Date of Award
Department of Computer Science
Adversarial examples consist of minor perturbations added to a model's input which cause the model to output an incorrect prediction. Deep neural networks have been shown to be highly vulnerable to these attacks, and this vulnerability represents both a security risk for the use of deep learning models in security-conscious fields and an opportunity to improve our understanding of how neural networks generalize to unexpected inputs. Transfer attacks are an important subcategory of adversarial attacks. In a transfer attack, the adversary builds an adversarial attack using a surrogate model, then uses that attack to fool an unseen target model.
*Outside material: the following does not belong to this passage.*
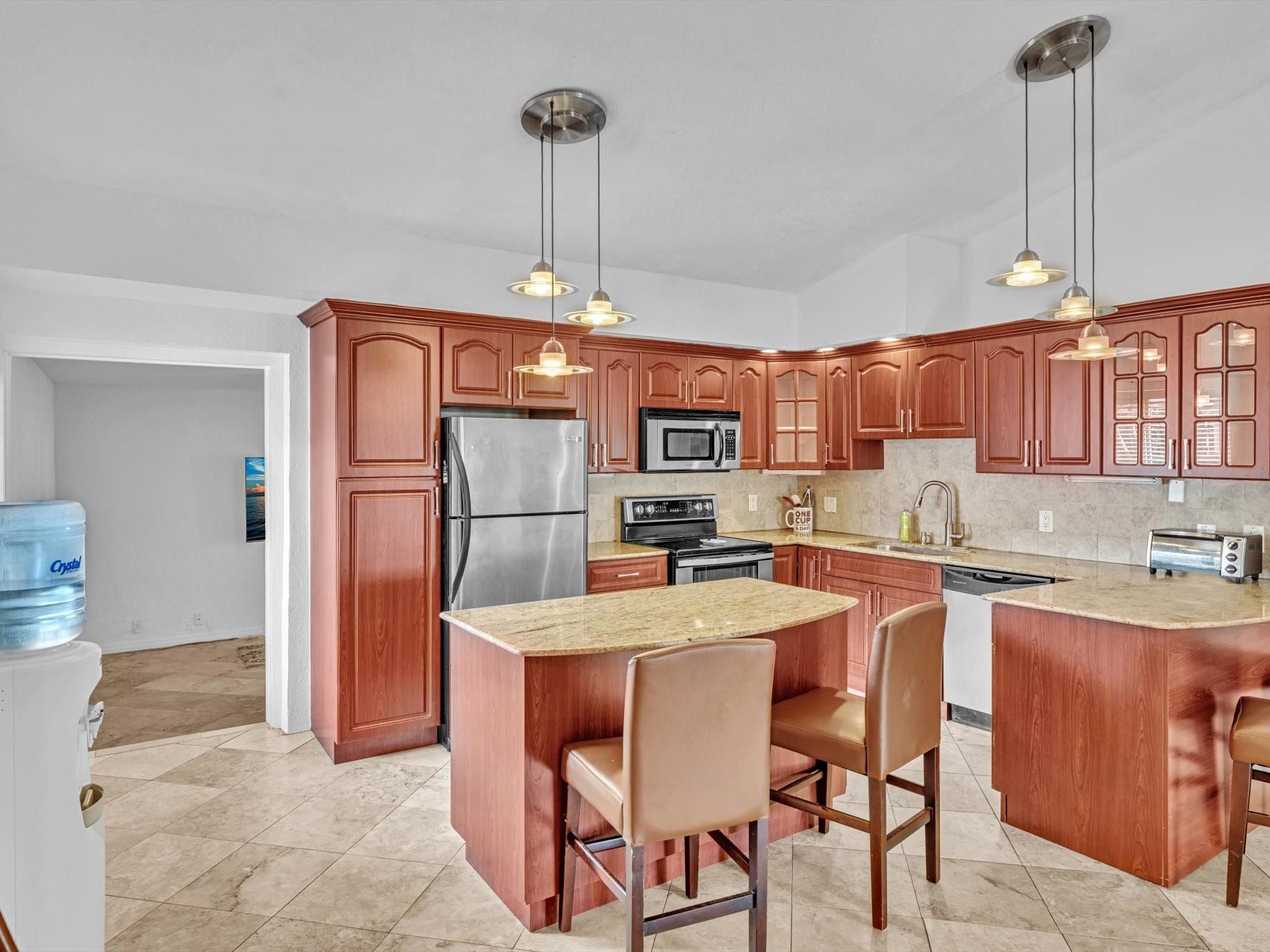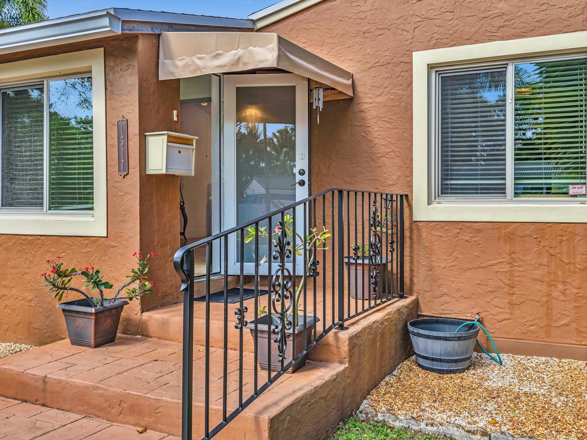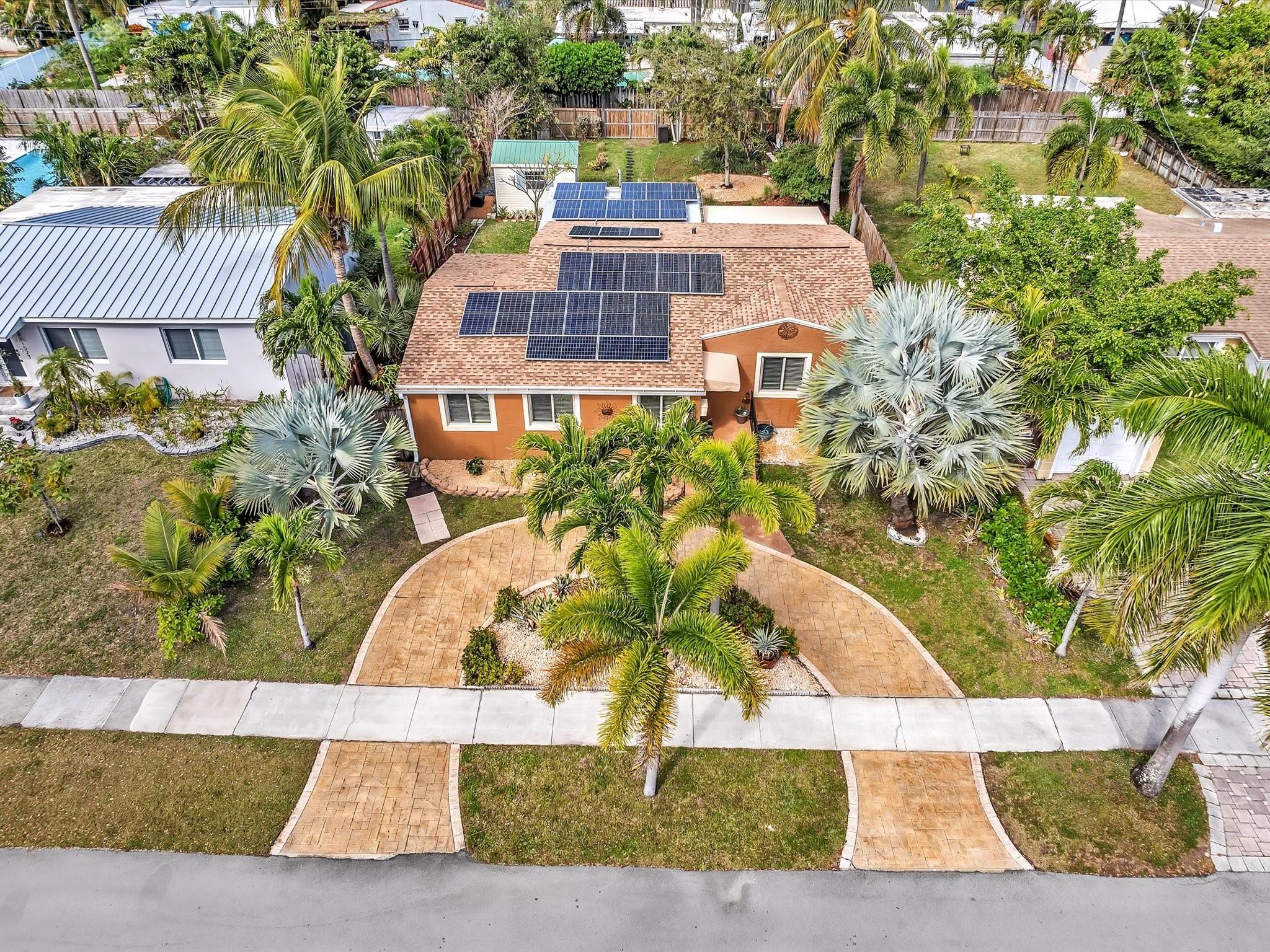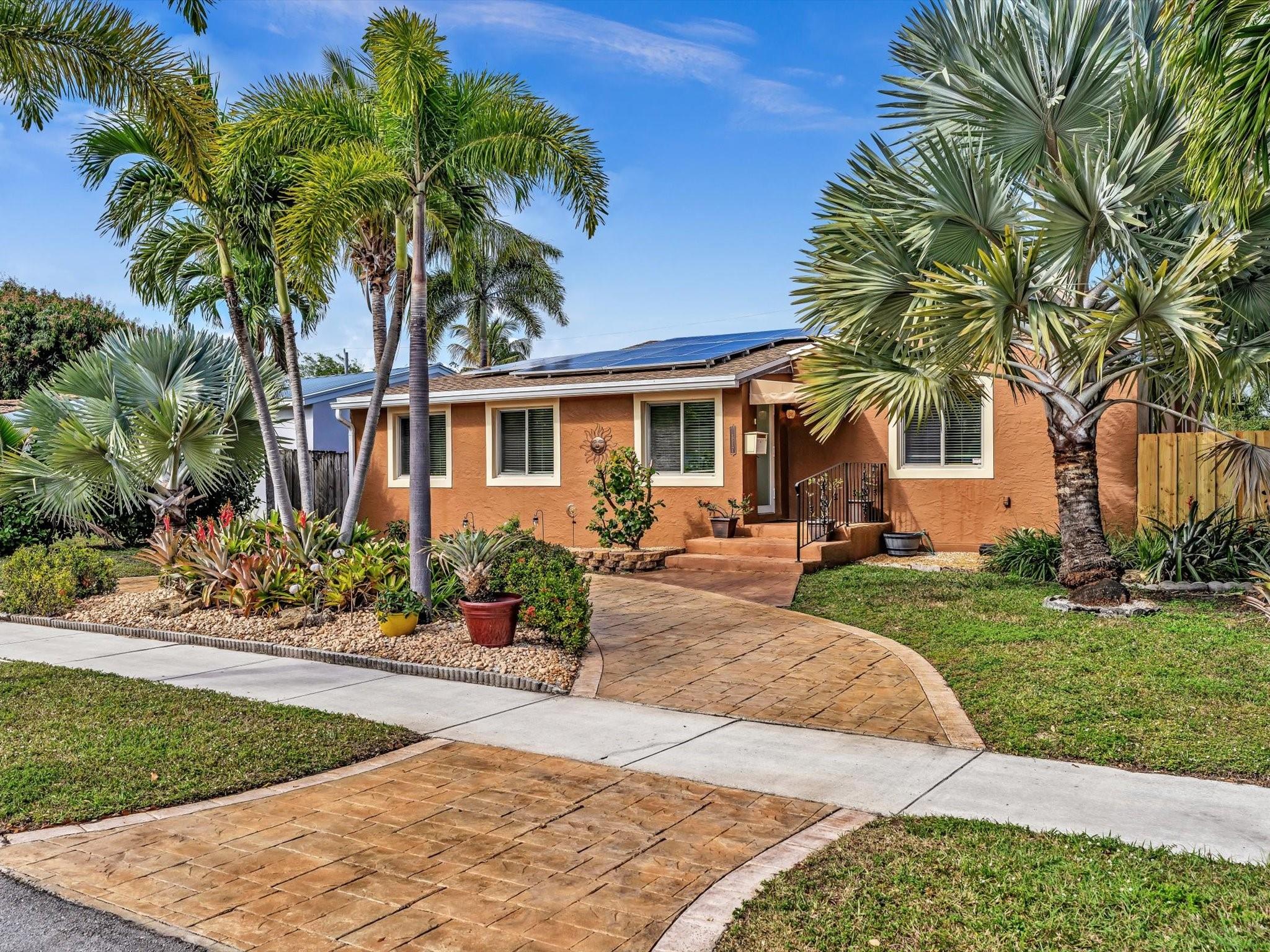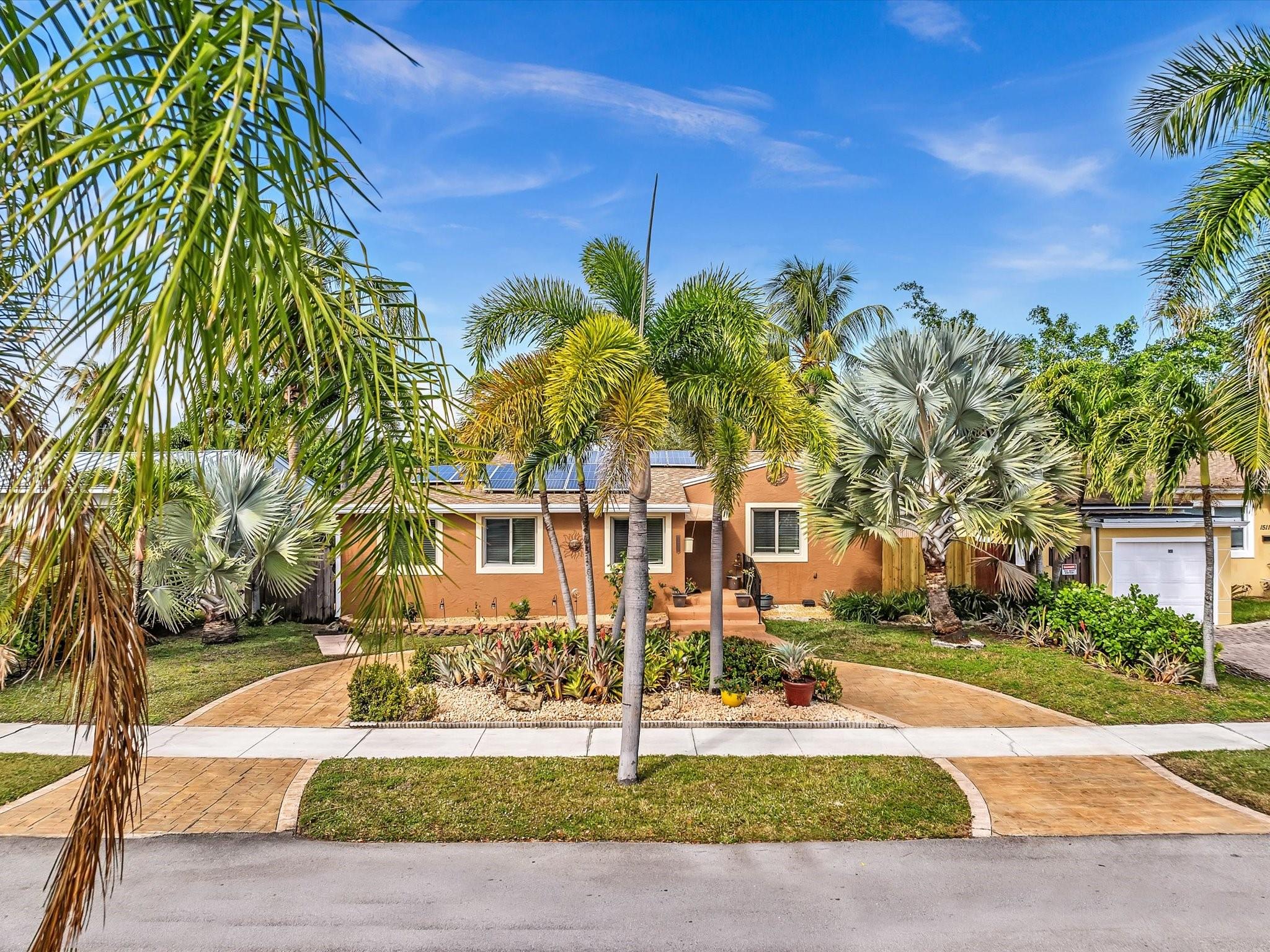 Just 2 miles from the beach, this meticulously maintained 3 bed/2 bath home offers amazing curb appeal in Hollywood East! Featuring a brand-new tiled roof, solar panels, hurricane windows & doors, & freshly painted exterior/2020 & interior/2022, blending style & sustainability. Bedroom en suite includes washer/dryer! Upgraded kitchen has two large islands/stainless steel appliances/granite countertops & provides ample prep space. The family room is flexible for use as an office/den/guest room/home theater. Enjoy travertine tiles, an encapsulated crawl space with dehumidifier, & new A/C with UV protection. With a rewilded fully landscaped yard, fencing for privacy & security, room for a pool, covered patio, & outdoor bolted shed, this home has been meticulously maintained, & is a must see!

Recent research in this subfield has focused on attack generation methods which can improve transferability between models and ensemble-based attacks. We show that optimizing a single surrogate model is a more effective method of improving adversarial transfer, using the simple example of an undertrained surrogate. This method of attack generation transfers well across varied architectures and outperforms state-of-the-art methods. To interpret the effectiveness of undertrained surrogate models, we represent adversarial transferability as a function of surrogate model loss function curvature and surrogate gradient similarity to target gradient and show that our approach reduces the presence of local loss maxima which hinder transferability. Our results suggest that finding good single surrogate models is a highly effective and simple method for generating transferable adversarial attacks, and that this method represents a valuable route for future study in this field.
Miller, Christopher S., "Query Free Adversarial Transfer via Undertrained Surrogates" (2020). Dartmouth College Undergraduate Theses. 156.